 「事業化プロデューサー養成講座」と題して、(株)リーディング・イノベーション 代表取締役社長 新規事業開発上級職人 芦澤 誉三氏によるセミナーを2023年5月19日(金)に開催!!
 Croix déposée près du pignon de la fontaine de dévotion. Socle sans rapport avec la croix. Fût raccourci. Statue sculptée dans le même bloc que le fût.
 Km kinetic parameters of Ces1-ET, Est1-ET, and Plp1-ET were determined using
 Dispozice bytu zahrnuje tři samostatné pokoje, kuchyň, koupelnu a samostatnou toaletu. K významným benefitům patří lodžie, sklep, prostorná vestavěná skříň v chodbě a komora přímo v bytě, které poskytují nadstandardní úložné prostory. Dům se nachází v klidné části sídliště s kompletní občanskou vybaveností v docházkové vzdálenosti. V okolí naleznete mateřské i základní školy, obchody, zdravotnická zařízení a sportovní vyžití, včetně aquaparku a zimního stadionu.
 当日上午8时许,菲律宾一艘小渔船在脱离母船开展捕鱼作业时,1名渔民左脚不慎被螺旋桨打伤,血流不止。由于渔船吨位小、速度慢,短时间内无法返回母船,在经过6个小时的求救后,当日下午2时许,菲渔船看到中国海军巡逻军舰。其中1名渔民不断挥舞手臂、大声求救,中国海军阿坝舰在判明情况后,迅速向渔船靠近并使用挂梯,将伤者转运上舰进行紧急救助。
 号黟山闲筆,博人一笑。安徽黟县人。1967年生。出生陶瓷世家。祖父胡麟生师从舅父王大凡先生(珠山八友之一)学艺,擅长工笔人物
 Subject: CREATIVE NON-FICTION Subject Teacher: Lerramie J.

====

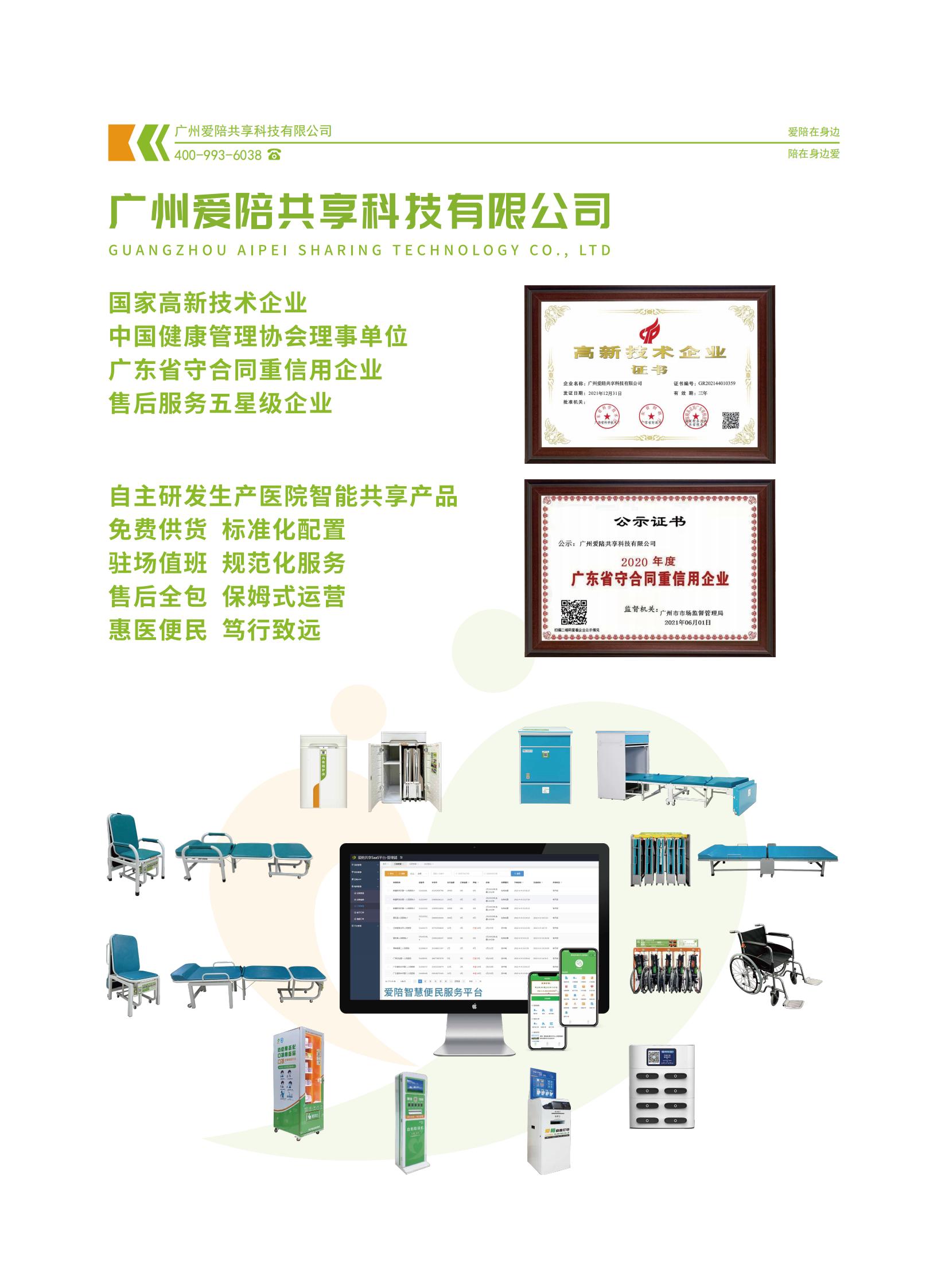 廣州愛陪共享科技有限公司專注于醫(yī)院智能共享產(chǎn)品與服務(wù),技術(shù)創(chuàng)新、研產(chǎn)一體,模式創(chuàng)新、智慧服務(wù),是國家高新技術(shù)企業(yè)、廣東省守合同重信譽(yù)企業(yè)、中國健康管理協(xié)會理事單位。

====

#### AIM OF THE TASK:
From the entries above, print the lines beginning at the one with "Dispozice bytu zahrnuje" and stopping after the one with "Subject: CREATIVE NON-FICTION", exactly as written and with nothing else.

#### EXERCISE OUTPUT:
 Dispozice bytu zahrnuje tři samostatné pokoje, kuchyň, koupelnu a samostatnou toaletu. K významným benefitům patří lodžie, sklep, prostorná vestavěná skříň v chodbě a komora přímo v bytě, které poskytují nadstandardní úložné prostory. Dům se nachází v klidné části sídliště s kompletní občanskou vybaveností v docházkové vzdálenosti. V okolí naleznete mateřské i základní školy, obchody, zdravotnická zařízení a sportovní vyžití, včetně aquaparku a zimního stadionu.
 当日上午8时许,菲律宾一艘小渔船在脱离母船开展捕鱼作业时,1名渔民左脚不慎被螺旋桨打伤,血流不止。由于渔船吨位小、速度慢,短时间内无法返回母船,在经过6个小时的求救后,当日下午2时许,菲渔船看到中国海军巡逻军舰。其中1名渔民不断挥舞手臂、大声求救,中国海军阿坝舰在判明情况后,迅速向渔船靠近并使用挂梯,将伤者转运上舰进行紧急救助。
 号黟山闲筆,博人一笑。安徽黟县人。1967年生。出生陶瓷世家。祖父胡麟生师从舅父王大凡先生(珠山八友之一)学艺,擅长工笔人物
 Subject: CREATIVE NON-FICTION Subject Teacher: Lerramie J.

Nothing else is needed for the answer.